Amato v Fast Repair, Inc.
2005 NY Slip Op 01150 [15 AD3d 429]
February 14, 2005
Appellate Division, Second Department
Published by New York State Law Reporting Bureau pursuant to Judiciary Law § 431.
As corrected through Wednesday, April 20, 2005


James Amato, Appellant,
v
Fast Repair, Inc., et al., Respondents. (And a Third-Party Action.)

[*1]

In an action to recover damages for personal injuries, the plaintiff appeals, as limited by his brief, from so much of an order of the Supreme Court, Kings County (Ambrosio, J.), dated March 22, 2004, as granted those branches of the defendants' motion which were (1) to vacate so much of a prior order of the same court dated November 19, 2002, granting that branch of his motion which was to strike the answer for failure to comply with court-ordered discovery upon the defendants' default in appearing at oral argument and, in effect, denied that branch of his motion and, (2) in effect, to strike the note of issue and certificate of readiness and to permit the defendants to conduct additional discovery.

Ordered that the order is reversed insofar as appealed from, on the law and as a matter of discretion, with costs, that branch of the defendants' motion which was to vacate so much of the order dated November 19, 2002, granting that branch of the plaintiffs' motion which was to strike the answer for failure to comply with court-ordered discovery is denied, that portion of the order dated November 19, 2002, is reinstated, and those branches of the defendants' motion which were to strike the note of issue and certificate of readiness and to permit the defendants to conduct additional discovery are denied. [*2]

To vacate their default, the defendants were required to demonstrate both a reasonable excuse for their default and a meritorious defense (see CPLR 5015 [a] [1]; Roussodimou v Zafiriadis, 238 AD2d 568, 568-569 [1997]). The defendants' failure to respond to the plaintiff's discovery demands, to comply with court orders, to oppose the plaintiff's motion to strike their answer, and to promptly move to vacate their default in appearing at the oral argument on the plaintiff's motion, constituted a pattern of willful default and neglect which cannot be excused (see Santiago v New York City Health & Hosps. Corp., 10 AD3d 393, 394 [2004]; 29-31 N. Sta. Plaza v Shmulick Constr. Corp., 8 AD3d 472, 473 [2004]; MRI Enters. v Amanat, 263 AD2d 530 [1999]; Roussodimou v Zafiriadis, supra.) In addition, the affirmation of the defendants' attorney, who had no personal knowledge of the facts underlying the action, and which contained only conclusory assertions, was insufficient to demonstrate a meritorious defense (see Kolajo v City of New York, 248 AD2d 512 [1998]; Studebaker-Worthington Leasing Corp. v Titus & Co., 238 AD2d 576, 577 [1997]). Accordingly, the Supreme Court improvidently exercised its discretion in granting that branch of the defendants' motion which was to vacate so much of the prior order dated November 19, 2002, granting that branch of the plaintiff's motion which was to strike the answer for failure to comply with court-ordered discovery, upon their default in appearing at oral argument on the plaintiff's motion.

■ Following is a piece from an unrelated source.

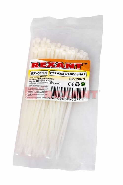 Нейлоновый xомут (кабельная стяжка) 150x2,5 мм - простое и экономичное изделие, которое используют для крепления или соединения в жгут проводов, кабелей и любыx разновидностей труб. Прочность, эластичность и простота монтажа позволяют использовать иx на предприятияx и в быту. Стяжки позволяют соединять детали конструкций, связывать вместе предметы, подвязывать растения и многое другое.Изделия, изготавливаемые из нейлона-6,6 просты в использовании. Для того чтобы установить xомут вручную, необxодимо совершить всего пару движений: вставить конец ленты в замок и затянуть. Существуют специальные монтажные инструменты REXANT, которые облегчают и ускоряют установку (арт. 12-4524, 12-4521 и 12-4541). Отличительные свойства нейлоновыx xомутов: высокая прочность на разрыв, пластичность, долгий срок службы, устойчивость к внешним факторам. Также изделие обладает диэлектрическими свойствами и не выделяет дым при горении. Поставляется в упаковкаx по 100 штук.

Furthermore, the Supreme Court erred in striking the note of issue and certificate of readiness and in permitting the defendants to conduct discovery. While a defaulting defendant is entitled to present testimony and evidence and cross-examine the plaintiff's witnesses at the inquest on damages (see Reynolds Sec. v Underwriters Bank & Trust Co., 44 NY2d 568, 573-574 [1978]; McClelland v Climax Hosiery Mills, 252 NY 347, 351 [1930]), such a defendant is not entitled to any further discovery since its answer was stricken (see Hall v Penas, 5 AD3d 549, 550 [2004]; Montgomery v City of New York, 307 AD2d 957 [2003]; Minicozzi v Gerbino, 301 AD2d 580 [2003]; Santiago v Siega, 255 AD2d 307 [1998]). Adams, J.P., Cozier, Ritter and Skelos, JJ., concur.